Harraway was paired in the backfield with Larry Brown, and the Redskins made the playoffs three consecutive seasons starting in 1971 under head coach George Allen, including the NFC title in 1972 and a berth in Super Bowl VII.

===WFL===
Harraway played out his option in Washington in 1973 and signed for a significant salary increase with the Birmingham Americans of the World Football League in 1974, one of the few NFL starters to jump in the league's first season. The Americans won the first World Bowl by a point in early December, but were less successful financially and folded in March 1975.
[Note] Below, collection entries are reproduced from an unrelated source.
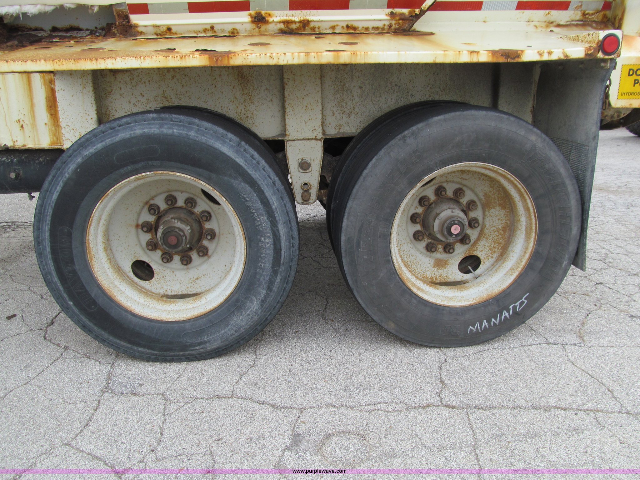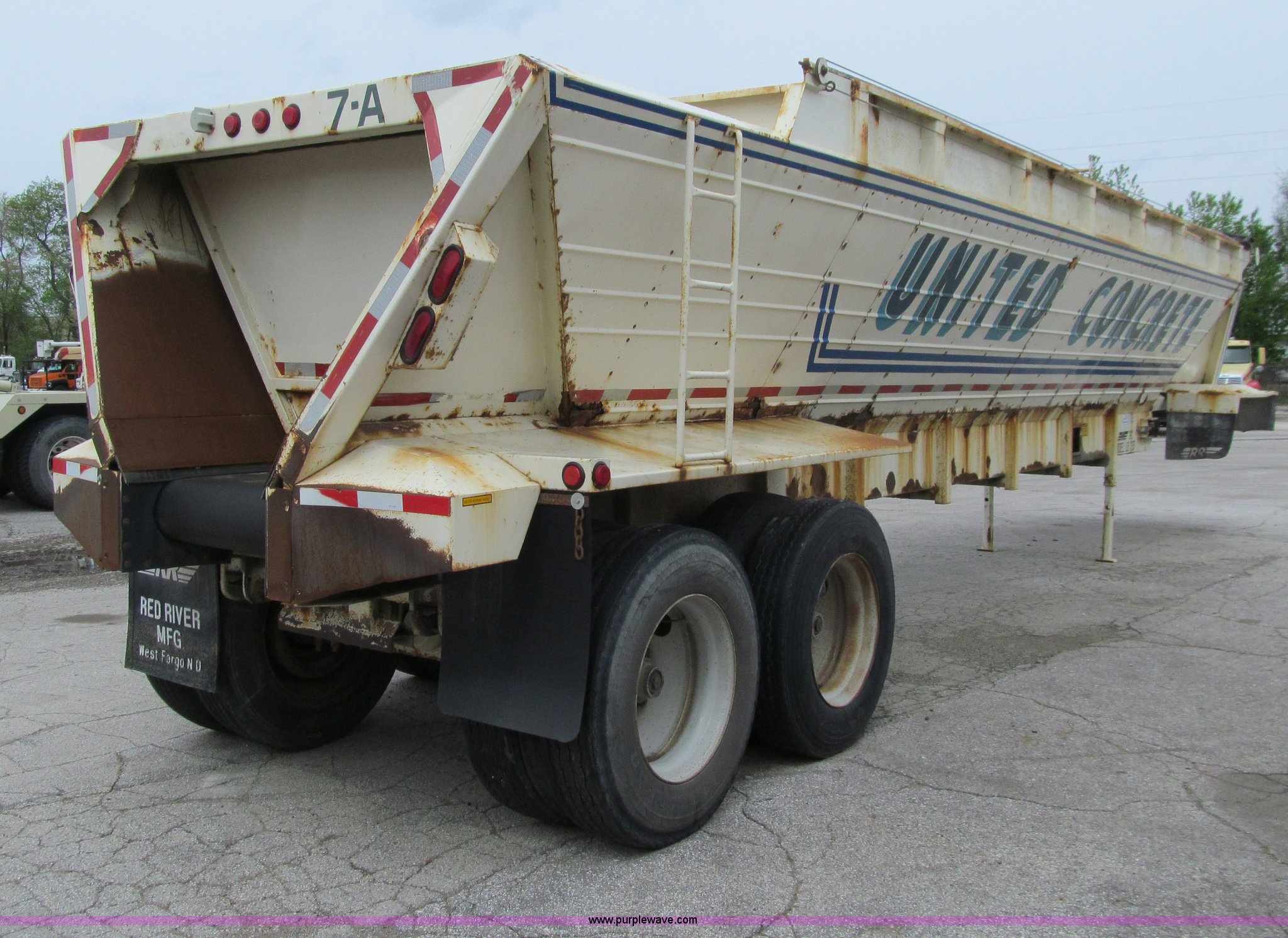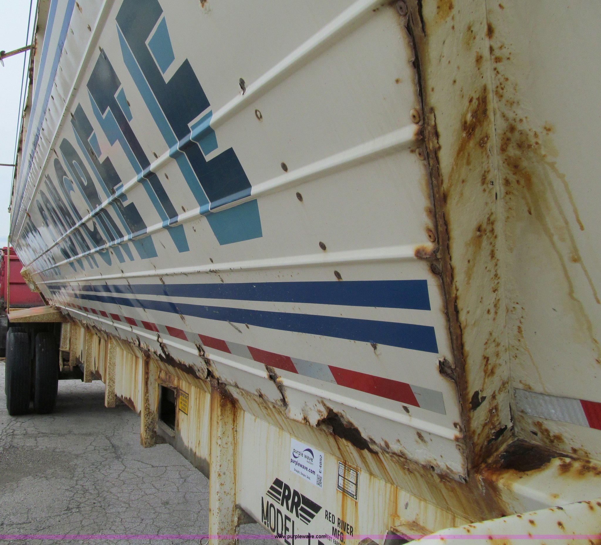 Purple Wave is selling a used Bottom Dump Trailer in Iowa. This item is a 1998 Red River LB237 live bottom trailer with the following: Approximately 42'L x 96"W, Full length tarp, Continuous rubber belt, Pin type landing gear, Mud flaps, Spring suspension, Air brakes, 11R24.5 tires, GVWR 67,000 lbs, GAWR 22,500 lbs, Rust, Small perforations
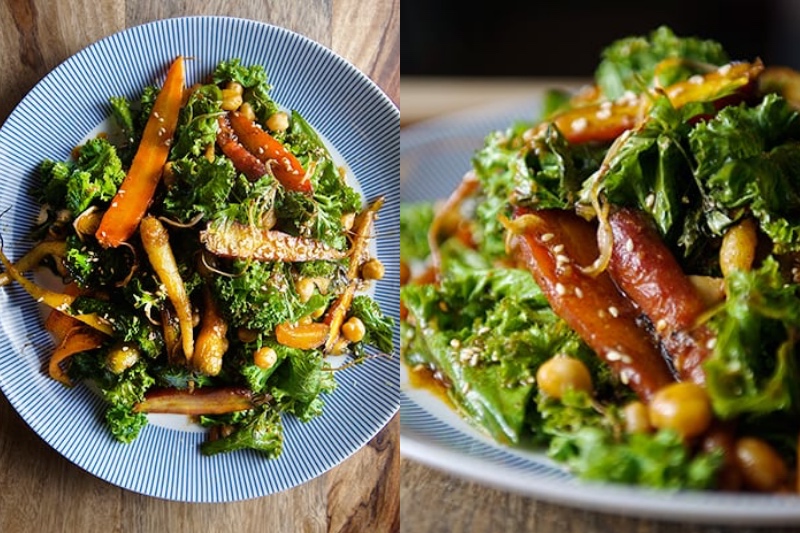 8. Gebratener Karottensalat mit Hummus-Vinaigrette
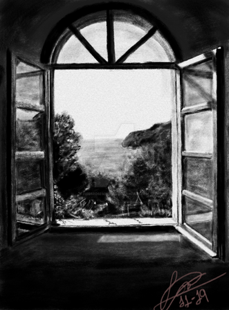 I see what you mean, but if you hadn't mentioned it as a mistake I wouldn't have thought it WAS one... Love the shading of the wall and the outside. Mebbe add a little more blue to the center of the pic? It's the one thing that takes away from the realism of the sky. (fave)
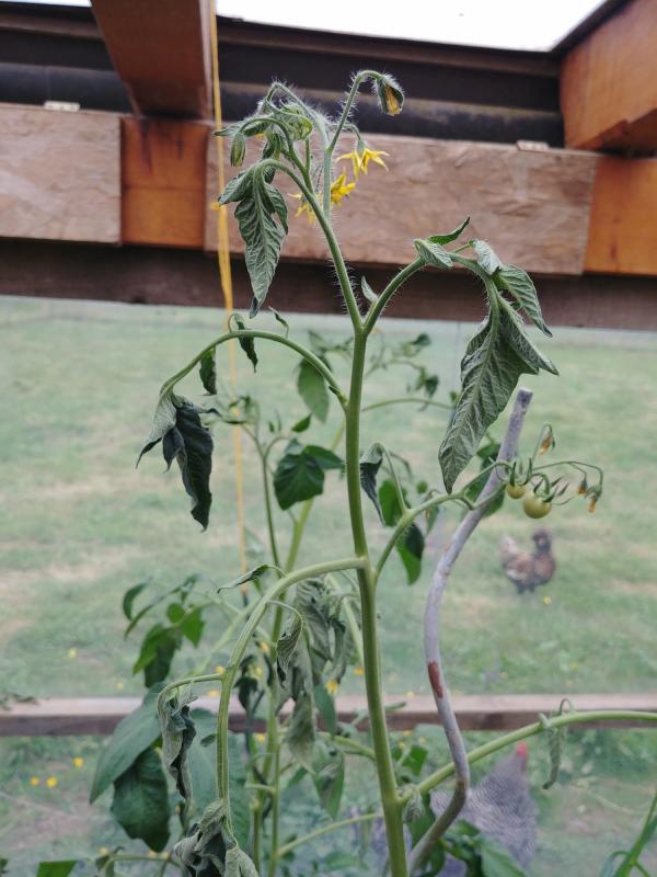 Tja Finii, nun habe ich die erste meiner Freilandtomaten auch roden müssen, denn die sieht genau so aus wie deine. Am Stamm habe ich braune Flecken entdeckt. Ich tippe auf Pilz, welcher auch immer. Das ist aber auch wirklich kein Wetter für Freilandtomaten, bei uns ein kalter, nasser Sommer, nachts unter 10 Grad und in der vergangenen Woche 13 Grad tagsüber. Die Tomaten daneben scheinen auch bald hin zu sein, die im Gewächshaus und unter Dach sehen noch gut aus. Freilandgurken muss ich roden, noch bevor ich die erste ernten konnte. Alle verpilzt.

His NFL rights were traded by Washington to the Miami Dolphins for veteran tight end Marv Fleming in 1975; Harraway did not report, Fleming was waived in September, and both retired.

==NFL career statistics==

Legend
| Bold | Career high |

===Regular season===

| Year | Team | Games |  | Rushing |  |  |  |  | Receiving |  |  |  |  |
| GP | GS | Att | Yds | Avg | Lng | TD | Rec | Yds | Avg | Lng | TD |
| 1966 | CLE | 14 | 0 | 7 | 40 | 5.7 | 18 | 0 | 0 | 0 | 0.0 | 0 | 0 |
| 1967 | CLE | 14 | 0 | 5 | -14 | -2.8 | 2 | 0 | 0 | 0 | 0.0 | 0 | 0 |
| 1968 | CLE | 13 | 5 | 91 | 334 | 3.7 | 23 | 0 | 12 | 162 | 13.5 | 63 | 1 |
| 1969 | WAS | 14 | 13 | 141 | 428 | 3.0 | 17 | 6 | 55 | 489 | 8.9 | 64 | 3 |
| 1970 | WAS | 13 | 13 | 146 | 577 | 4.0 | 57 | 5 | 24 | 136 | 5.7 | 29 | 0 |
| 1971 | WAS | 14 | 14 | 156 | 635 | 4.1 | 57 | 2 | 20 | 121 | 6.1 | 20 | 0 |
| 1972 | WAS | 14 | 14 | 148 | 567 | 3.8 | 24 | 6 | 15 | 105 | 7.0 | 24 | 0 |
| 1973 | WAS | 14 | 14 | 128 | 452 | 3.5 | 16 | 1 | 32 | 291 | 9.1 | 31 | 3 |
|  |  | 110 | 73 | 822 | 3,019 | 3.7 | 57 | 20 | 158 | 1,304 | 8.3 | 64 | 7 |

===Playoffs===

| Year | Team | Games |  | Rushing |  |  |  |  | Receiving |  |  |  |  |
| GP | GS | Att | Yds | Avg | Lng | TD | Rec | Yds | Avg | Lng | TD |
| 1967 | CLE | 1 | 0 | 0 | 0 | 0.0 | 0 | 0 | 0 | 0 | 0.0 | 0 | 0 |
| 1968 | CLE | 2 | 2 | 11 | 38 | 3.5 | 8 | 0 | 5 | 38 | 7.6 | 16 | 0 |
| 1971 | WAS | 1 | 1 | 10 | 28 | 2.8 | 7 | 0 | 1 | 4 | 4.0 | 4 | 0 |
| 1972 | WAS | 3 | 3 | 31 | 90 | 2.9 | 9 | 0 | 4 | 10 | 2.5 | 7 | 0 |
| 1973 | WAS | 1 | 1 | 13 | 40 | 3.1 | 9 | 0 | 1 | 6 | 6.0 | 6 | 0 |
|  |  | 8 | 7 | 65 | 196 | 3.0 | 9 | 0 | 11 | 58 | 5.3 | 16 | 0 |

==After football==
In 2012, Harraway resided in Sarasota, Florida, and showed early signs of Alzheimer's disease.